Keep your Claude Code, Codex, and GLM (Zhipu / Z.ai Coding Plan) rate-limit windows back-to-back.

These providers bill on a 5-hour rolling window (plus a weekly cap), and the 5h window starts on your first message. If you don't send anything right when a window resets, that gap is wasted — the next window only starts whenever you happen to use the tool again, drifting out of sync with your day.

limitping watches each provider and, the moment a 5h window resets, sends one minimal message to start the next window immediately — so your windows stay continuous and predictable.

claude  ✓ pinged (6.6s)
codex   ✓ pinged (13.6s, 16,862 tok (in 16,814 / out 48), $0.0098)

Highlights

  • Keeps 5-hour provider windows continuous instead of letting idle gaps drift your schedule.
  • Reads usage from zero-quota endpoints and triggers windows through the official provider tools whenever possible.
  • Supports Claude Code, Codex, and opt-in GLM/Z.ai Coding Plan monitoring.
  • Includes dry-run modes, weekly-limit guards, reset buffers, local config, and no telemetry.

Quick start

curl -fsSL https://raw.githubusercontent.com/wavever/CCLimitPing/main/install.sh | sh
limitping config init
limitping ping --dry-run
limitping status
limitping watch

Use limitping ping --dry-run or limitping watch --dry-run first if you want to inspect what would happen without consuming provider quota.

Supported providers

Provider Read usage (zero-quota) Trigger Auth
Claude Code …/api/oauth/usage interactive Claude Code CLI OAuth (Keychain / ~/.claude)
Codex …/backend-api/wham/usage codex exec OAuth (~/.codex/auth.json)
GLM (Zhipu / Z.ai) …/api/monitor/usage/quota/limit minimal chat completion API key (config / env)

Note

GLM is off by default and not yet verified on a live plan — see GLM before enabling it.

How it works

Two cleanly separated jobs:

Job Mechanism Cost
Trigger a new window the official CLI (interactive Claude Code / codex exec), or a minimal API call (GLM) a tiny slice of quota (this is the point)
Read usage & reset times zero-quota usage endpoints (the same ones CodexBar / community plugins use) none — never starts a window

When watch sees a 5h window has reset, it first checks for an already-running Claude/Codex CLI task. If one is running, limitping waits and re-reads usage instead of sending its own ping, because that task's next model request will start the new window naturally.

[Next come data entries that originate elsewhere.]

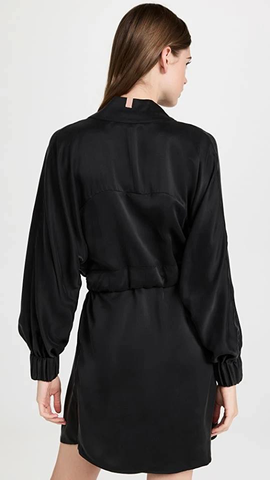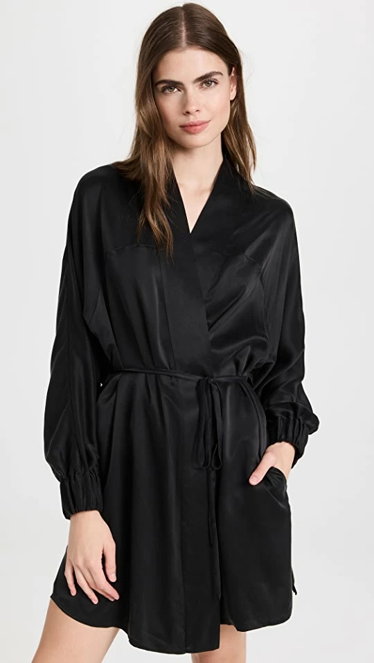 - Tie closure and self-belt at waist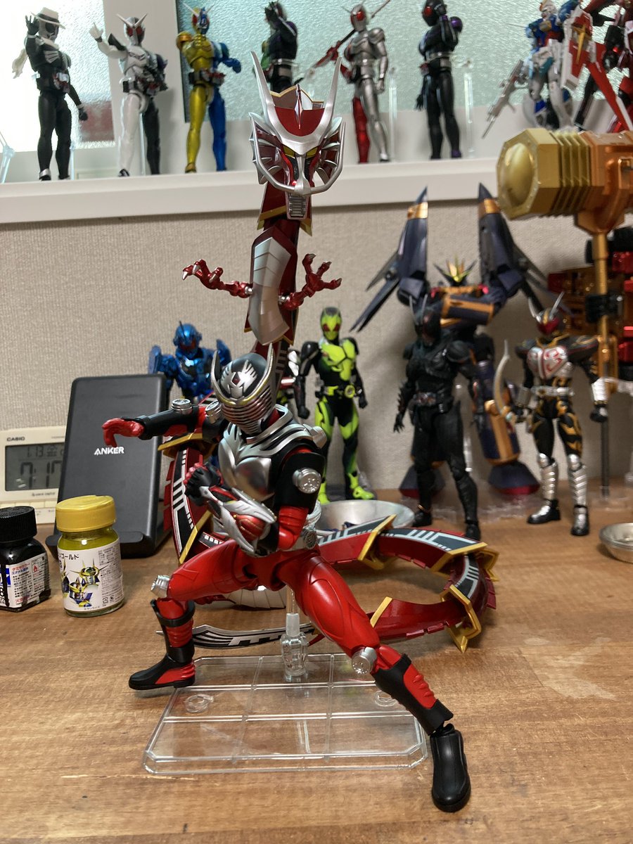 フィギュアライズスタンダード 仮面ライダークウガ ドラゴンフォーム 全塗装しました! ボディはグラデーションを入れてます。 ドラゴンロッドはレジンでクリアパーツっぽくしています。 #フィギュアライズスタンダード #ニチアサフィギュア改造部 #仮面ライダークウガ
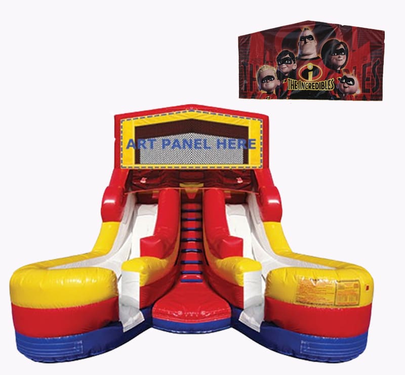 Double the Fun, Double the Excitement, Double the Splash! The definition of cool ! This Slide is Awesome with a capital A!!!!! Head through the Spike Entrance, Climb the stairs, choose left or right and race your friends to the bottom for some Serious Splash FUN – Repeat. Note: Slide can be used Wet or Dry

  • Claude: reads GET https://api.anthropic.com/api/oauth/usage using the OAuth token from the macOS Keychain (Claude Code-credentials) or ~/.claude/.credentials.json. Triggering uses a TTY-backed interactive claude "<prompt>" session, so it continues to start the Claude subscription-backed window after the headless print command moves to Agent SDK/API credits.
  • Codex: reads GET https://chatgpt.com/backend-api/wham/usage using the OAuth token from ~/.codex/auth.json.
  • GLM: reads GET …/api/monitor/usage/quota/limit (on api.z.ai or open.bigmodel.cn) using your Coding Plan API key. GLM has no standalone CLI, so the trigger is a direct minimal chat completion to …/api/coding/paas/v4/chat/completions rather than a shell-out.

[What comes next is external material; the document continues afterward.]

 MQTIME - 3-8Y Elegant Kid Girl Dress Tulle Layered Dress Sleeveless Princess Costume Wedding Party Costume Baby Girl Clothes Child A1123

Claude/Codex tokens are reused from the official tools (no separate login) and refreshed on 401. GLM uses a static API key (from config or env) — see below.

Install

limitping ships as a single self-contained binary — no Go required.

One-line script (macOS / Linux):

curl -fsSL https://raw.githubusercontent.com/wavever/CCLimitPing/main/install.sh | sh

Downloads the right prebuilt binary from the latest release into /usr/local/bin (or ~/.local/bin). Override with LIMITPING_INSTALL_DIR.

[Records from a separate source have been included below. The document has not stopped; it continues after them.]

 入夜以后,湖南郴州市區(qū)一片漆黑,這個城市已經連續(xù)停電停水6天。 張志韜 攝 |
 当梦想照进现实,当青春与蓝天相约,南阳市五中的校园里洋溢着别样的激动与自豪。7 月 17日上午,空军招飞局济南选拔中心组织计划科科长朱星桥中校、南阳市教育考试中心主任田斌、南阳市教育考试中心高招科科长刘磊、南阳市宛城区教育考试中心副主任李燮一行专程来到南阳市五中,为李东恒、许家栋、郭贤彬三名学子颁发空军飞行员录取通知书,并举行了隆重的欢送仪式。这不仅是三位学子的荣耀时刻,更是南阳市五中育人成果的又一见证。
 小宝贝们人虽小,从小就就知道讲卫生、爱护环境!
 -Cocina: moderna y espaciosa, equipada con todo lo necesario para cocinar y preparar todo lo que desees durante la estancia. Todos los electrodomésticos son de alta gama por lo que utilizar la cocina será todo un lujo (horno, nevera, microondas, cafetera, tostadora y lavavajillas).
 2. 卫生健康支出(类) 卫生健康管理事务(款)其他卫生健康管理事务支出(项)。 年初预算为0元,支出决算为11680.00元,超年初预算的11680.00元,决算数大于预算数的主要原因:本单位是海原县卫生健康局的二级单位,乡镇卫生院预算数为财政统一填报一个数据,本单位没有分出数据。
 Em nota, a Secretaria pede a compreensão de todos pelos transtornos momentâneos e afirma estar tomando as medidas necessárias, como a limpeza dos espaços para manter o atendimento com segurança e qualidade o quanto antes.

Upgrade — replace the installed binary with the latest release:

limitping upgrade

Aliases: limitping up, limitping update.

Uninstall — remove the installed binary plus config/cache:

limitping uninstall

Aliases: limitping rm, limitping remove.

Use limitping uninstall --keep-config to preserve ~/.config/limitping (or $XDG_CONFIG_HOME/limitping).

Manual download — grab the archive for your platform from the Releases page (.tar.gz for macOS/Linux, .zip for Windows):

tar -xzf limitping_darwin_arm64.tar.gz
sudo mv limitping /usr/local/bin/

Homebrew (macOS / Linux) — brew install wavever/tap/limitping (works once the Homebrew tap is set up — see .goreleaser.yaml).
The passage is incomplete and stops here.